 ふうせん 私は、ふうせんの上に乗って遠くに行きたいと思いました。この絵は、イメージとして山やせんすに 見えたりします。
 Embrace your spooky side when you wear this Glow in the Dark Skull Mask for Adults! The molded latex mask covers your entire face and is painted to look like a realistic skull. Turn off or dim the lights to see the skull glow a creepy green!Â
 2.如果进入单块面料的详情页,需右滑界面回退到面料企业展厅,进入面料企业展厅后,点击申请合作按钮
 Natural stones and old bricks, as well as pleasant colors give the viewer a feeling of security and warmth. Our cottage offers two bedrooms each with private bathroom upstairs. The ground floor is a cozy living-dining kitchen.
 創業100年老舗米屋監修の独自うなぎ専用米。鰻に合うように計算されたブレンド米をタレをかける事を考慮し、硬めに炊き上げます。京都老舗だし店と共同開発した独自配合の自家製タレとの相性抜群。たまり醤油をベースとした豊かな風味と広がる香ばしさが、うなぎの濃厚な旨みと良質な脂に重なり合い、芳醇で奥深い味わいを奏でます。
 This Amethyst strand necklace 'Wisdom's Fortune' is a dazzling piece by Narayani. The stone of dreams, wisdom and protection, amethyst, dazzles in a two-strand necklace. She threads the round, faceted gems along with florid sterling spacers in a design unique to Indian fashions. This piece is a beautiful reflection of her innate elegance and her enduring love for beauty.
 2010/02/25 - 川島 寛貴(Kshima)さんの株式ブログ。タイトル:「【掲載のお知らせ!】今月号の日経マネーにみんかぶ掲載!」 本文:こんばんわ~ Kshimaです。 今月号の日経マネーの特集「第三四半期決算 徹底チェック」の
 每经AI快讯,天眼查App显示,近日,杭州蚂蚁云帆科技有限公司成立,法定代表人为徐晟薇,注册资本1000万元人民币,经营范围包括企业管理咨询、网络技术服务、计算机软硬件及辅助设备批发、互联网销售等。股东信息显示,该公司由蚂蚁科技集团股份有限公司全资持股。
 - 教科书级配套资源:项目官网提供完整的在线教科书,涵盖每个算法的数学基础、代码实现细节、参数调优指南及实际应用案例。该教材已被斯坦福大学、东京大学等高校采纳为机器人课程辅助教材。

* **WORK INSTRUCTIONS**:
Repeat the listing above exactly, line for line.

* **ANSWER FOR THE TASK**:
 ふうせん 私は、ふうせんの上に乗って遠くに行きたいと思いました。この絵は、イメージとして山やせんすに 見えたりします。
 Embrace your spooky side when you wear this Glow in the Dark Skull Mask for Adults! The molded latex mask covers your entire face and is painted to look like a realistic skull. Turn off or dim the lights to see the skull glow a creepy green!Â
 2.如果进入单块面料的详情页,需右滑界面回退到面料企业展厅,进入面料企业展厅后,点击申请合作按钮
 Natural stones and old bricks, as well as pleasant colors give the viewer a feeling of security and warmth. Our cottage offers two bedrooms each with private bathroom upstairs. The ground floor is a cozy living-dining kitchen.
 創業100年老舗米屋監修の独自うなぎ専用米。鰻に合うように計算されたブレンド米をタレをかける事を考慮し、硬めに炊き上げます。京都老舗だし店と共同開発した独自配合の自家製タレとの相性抜群。たまり醤油をベースとした豊かな風味と広がる香ばしさが、うなぎの濃厚な旨みと良質な脂に重なり合い、芳醇で奥深い味わいを奏でます。
 This Amethyst strand necklace 'Wisdom's Fortune' is a dazzling piece by Narayani. The stone of dreams, wisdom and protection, amethyst, dazzles in a two-strand necklace. She threads the round, faceted gems along with florid sterling spacers in a design unique to Indian fashions. This piece is a beautiful reflection of her innate elegance and her enduring love for beauty.
 2010/02/25 - 川島 寛貴(Kshima)さんの株式ブログ。タイトル:「【掲載のお知らせ!】今月号の日経マネーにみんかぶ掲載!」 本文:こんばんわ~ Kshimaです。 今月号の日経マネーの特集「第三四半期決算 徹底チェック」の
 每经AI快讯,天眼查App显示,近日,杭州蚂蚁云帆科技有限公司成立,法定代表人为徐晟薇,注册资本1000万元人民币,经营范围包括企业管理咨询、网络技术服务、计算机软硬件及辅助设备批发、互联网销售等。股东信息显示,该公司由蚂蚁科技集团股份有限公司全资持股。
 - 教科书级配套资源:项目官网提供完整的在线教科书,涵盖每个算法的数学基础、代码实现细节、参数调优指南及实际应用案例。该教材已被斯坦福大学、东京大学等高校采纳为机器人课程辅助教材。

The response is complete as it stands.